National park in Belize

Payne's Creek National Park (PCNP) is a nature reserve in the Toledo District of southern Belize. The government of Belize created the park in 1994 in response to petitioning from community groups in the Monkey River and Punta Negra areas. It is co-managed by the Toledo Institute for Development and Environment and the Belize Forest Department.

==Geography==
The national park lies a bit south of the Monkey River, with its southern boundary at Punta Ycacos Lagoon and its western side marked by the Deep River. While it initially contained Punta Ycacos Lagoon, in 2004 the lagoon, Punta Negra Lagoon and most of the park's coastal ridges were removed, while pine savanna from Deep River Forest Reserve to the north and northeast was added.
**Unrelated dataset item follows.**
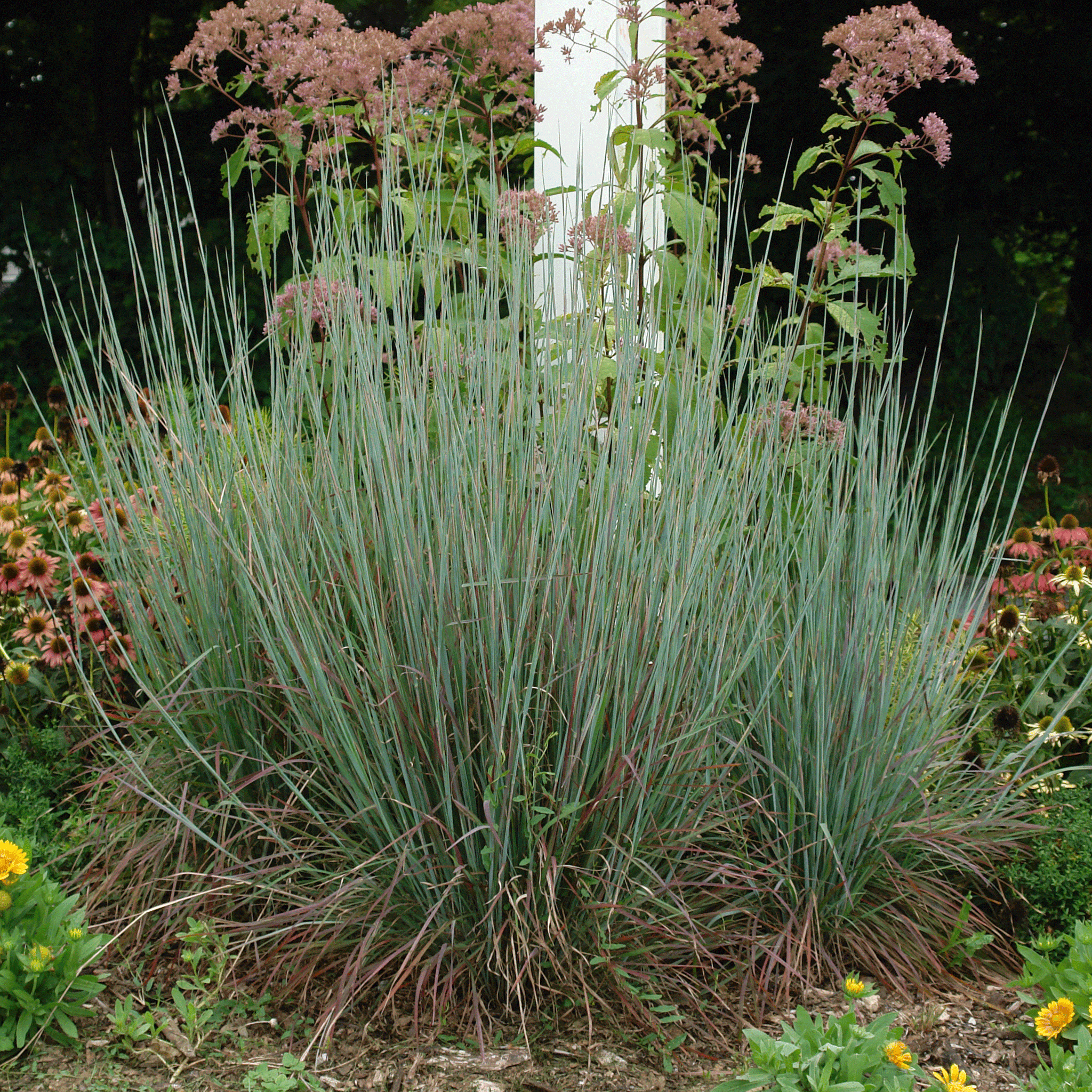 The Standing Ovation Little Bluestem also known by its botanical name, Schizachyrium scoparium it a fantastic grass perennial that has strong stems that can hold up to high winds and won't flop over. With it's almost all year round interest, it provides a plethora of different colors from June through November with colors starting from Greenish blue slowly to a nice Fall red.

It comprises 37680 acre of land consisting of "hypersaline, saline, brackish and freshwater habitats, mangroves, broadleaf forest and savannah".
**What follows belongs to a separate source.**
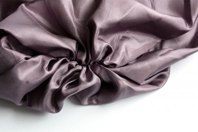 Elegancki, duży, podwójnie zszywany szal w odcieniu stonowanego, ciemnego fioletu. Uwagę zwraca nietypowe wykończenie brzegów, które zostały ciekawie udrapowane i zszyte.

The following ecosystem types were identified in the park:
- Saline wetlands
- Coastal ridge
- Freshwater / low-salinity wetlands
- Broad-leafed forest
- Savana with / without pines
- Shrublands

==Fauna==
It harbors felines such as the jaguar, ocelot, margay, and jaguarundi; white-lipped peccary; paca; Baird's tapir; white-tailed and red brocket deer; Hawksbill turtle; Morelet's crocodile; and boa constrictor. Under 300 species of birds, such as the jabiru stork, Muscovy duck, and aplomado falcon, either reside in or use the park as wintering grounds.

There are 20 endangered or vulnerable species in residence, including the West Indian manatee, Atlantic goliath grouper, yellow-headed parrot and Yucatán black howler monkey. Howler monkey troops are abundant here, each troop maintaining a home range of 40000 to 70000 m2 in this forest.

==Maya sites==
At least four Maya archaelogical sites have been discovered in Payne's Creek National Park to date. One site is underwater, with rare wooden artifacts, including the first intact Maya paddle ever found, and portions of wooden buildings, preserved by anerobic peat.

The excavations of submerged Mayan saltworks here, dating back to 300–900 AD, highlight the usage of stone tools for cutting meat or fish, salting and preserving them for transporting to inland markets.